Читать книгу Струги на Неве. Город и его великие люди - Виктор Кокосов - Страница 5

Обед

Оглавление

Подходы к небольшой песчаной косе примерно за версту взяли под охрану стрельцы с Ладоги. Им, сызмальства выросшим в этом краю, удавалось оставаться абсолютно невидимыми для всех, в том числе и для сержанта с его солдатами, расположившимися пикетами ближе к главным действующим лицам, вокруг которых суетились слуги в белых рубахах, перетянутых в талии красивыми поясами.

Ещё недавно успешно бившиеся с поляками царёвы стольники Пётр Иванович Потёмкин и Пётр Михайлович Пушкин, ставшие по государевой воле в этой глухомани воеводами, тайно съехались на берегу Ладожского озера, чтоб наперёд уговориться, как им дальше воевать и как друг дружке помощь подавать, если потребуется: на новгородского воеводу князя Голицына, а уже тем паче на царёва тестя, князя и боярина Илью Даниловича Милославского, в подчинении которого находились полки нового строя, надежда была слабая – тем без того на войне было чем озаботиться, а уж пока до царя весть о бедах небольших северных отрядов дойдёт… Так что воеводам оставалось одно: держать связь друг с дружкой и помогать по возможности. К тому же Пушкина назначили и Олонецким воеводой, так что он имел какие-никакие административные возможности. Опытные вояки понимали: главные и лучшие царские силы, понятно, пойдут на Дерпт, Нарву, Ригу. А им же предстояло всячески тревожить шведа, побуждать местных крестьян к исходу на Русь, ну, и не уклоняться от боя, считаясь, однако с тем, что имеют дело с лучшей в мире армией. Оба – не первой молодости, серебро в бородах проблескивает, у обоих макушки поредели – всякого в жизни повидать довелось. А теперь – на тебе: шведа побить велено.

День стоял тёплый. Видимая часть зеркала великого озера блестела в солнечных лучах, делая почти невидимыми у грани горизонта два струга – словно две огромные птицы стерегли покой пирующих с воды. Свежий ветерок отгонял комаров. Не сговариваясь, стольники решили пировать без церемоний, запросто.

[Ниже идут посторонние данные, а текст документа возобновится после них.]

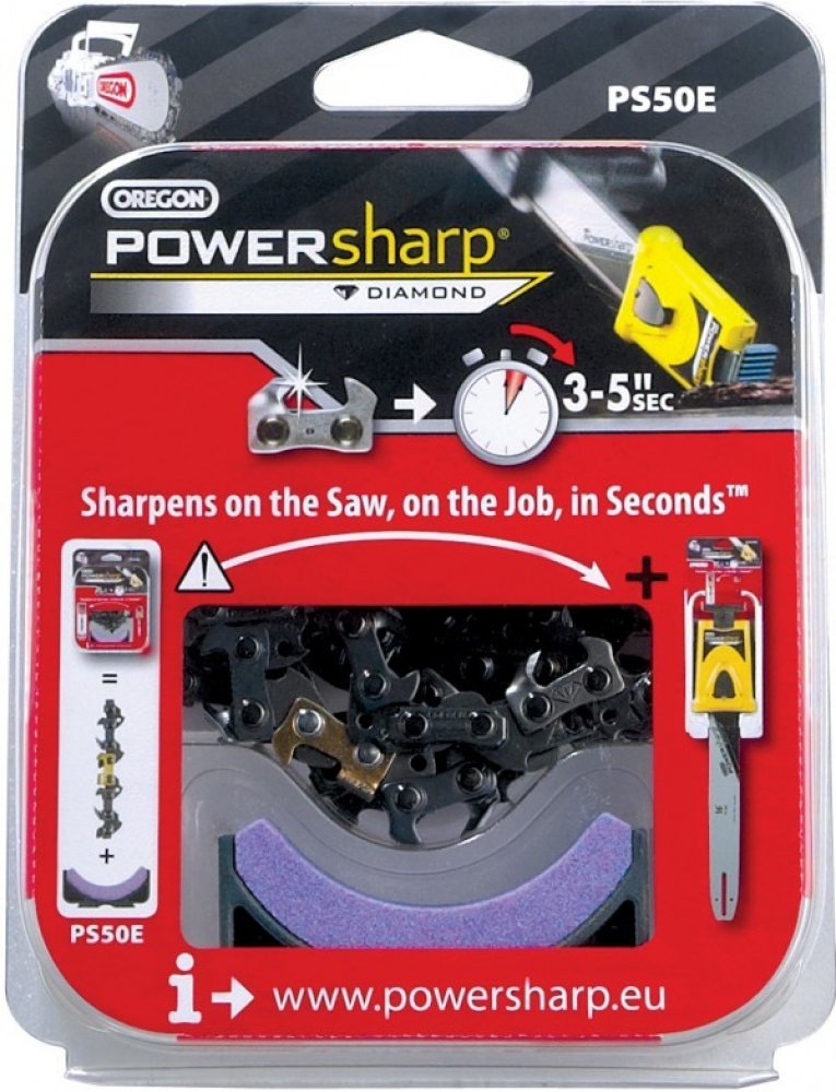 PowerSharp® je unikátní pilový řetěz a jednoduchý systém přesného ostření. Umožňuje uživatelům řetězové pily naostřit řetěz během několika vteřin přímo na pile v průběhu práce. Tato sada se skládá z řetězu PowerSharp s brusným kamenem. Je nutné dokoupit vhodnou sadu vodící lišty s ostřícím nástavcem PowerSharp.

Отдав слугам бархатные мурмолки[15], скинув налатники, кирасы, (наручи и бутурлыки пока не носили – чай не в бой идти)[16], прочую одёжу, остались в нательных льняных рубахах. Крикнули слуг – и те споро стянули с их ног яловые сапоги. Приятно защекотал голые ступни мелкий и тёплый прибрежный песок. Воеводы омыли руки в услужливо поднесённых тазиках, вытерли словно по волшебству появившимися домоткаными полотенцами. Перед наскоро сколоченным деревянным столом уже стояли раскладные кресла. Разговор за обедом должен был вестись без лишних ушей.

Слуги быстро устелили столешницу белыми скатёрками, расставили судки – сначала солонку, вслед за ней – перечницу, потом уксусницу, горчичник, хреноватик. Перед пирующими торжественно водрузили большие – серебряные с позолотой – кубки. За неимением места рядом поместили и питейный поставец. Стольники торжественно, словно в царской палате, поднялись. Потёмкин, как хозяин, с чувством прочёл молитву. Окружающие молча внимали и совершали в положенные моменты крёстные знамения.

Выждав по завершении молитвы некоторое время и поклонившись господам, верный потёмкинский Аким махнул рукой – воеводам поднесли на большом подносе и с поклонами показали двух зажаренных лебедей.

– Твой ключник что, решил нам царский пир закатить? – милостиво кивнул в сторону исполненного достоинства от важности момента Акима Пушкин.

– О! Енто ревнитель чести дома своего господина! Таковых уж мало, – серьёзно изрёк Потёмкин и дал знак, что можно уносить и разделывать птиц. – И верный?

– Молочный брат! С полуслова меня понимает.

– Везёт тебе! – Пушкин быстро выбрал с поданного уже на серебряном блюде разделанного слугами лебедя мясистую ножку, жадно впился зубами в белое мясо.

– Только давай не бум пить сегодня «полным горлом»[17], а то ж дела не справим, – предложил Потёмкин.

– Давай! На войне свои правила! К тому ж хлебное вино беречь нать – с Москвы бочку не пришлют, – согласился Олонецкий воевода.

– И «Домострой» ты, чай, читал, – улыбнулся Пётр Иванович и вспомнил дословно. – «Пей, да не упивайся. Пейте мало вина, веселия ради, а не для пьянства: пьяницы царства Божия не наследуют».

– Истинно! – перешёл от лебедей к гречневой каше Пушкин. Товарищ последовал его примеру.

После оба уставились на слуг: чего мол, мешкаете. Приказ был понят – в миг двое отроков водрузили на стол деревянный поднос с кабаньей головой.

– Охо-хо! – вот удружил, Петра Иваныч! – широко заулыбался Пушкин. – Самого Карлу свейского, харю лютераньскую к нам на пир доставить повелел!

– Ошибся, Петра Михалыч! – поддержал игру Потёмкин, – и не диво. Лютеране, еретики поганые, нехристи по Никону, все на одну личину. Это не Карла свейская – его, говорят, литовский гетьман разбил, и король сбежал куды неведомо. Это его генерал Горн, наместник изверг… аланд… ский… ингерман…лядский… Тьфу! Язык не произносит!

– Так уж пусть тогда Карлину харю Литва с ляхами разбирают, а мы пока Извергу Лядскому щёки пообрежем, – достал кинжал Пушкин. – Эк разъел их на русских хлебах!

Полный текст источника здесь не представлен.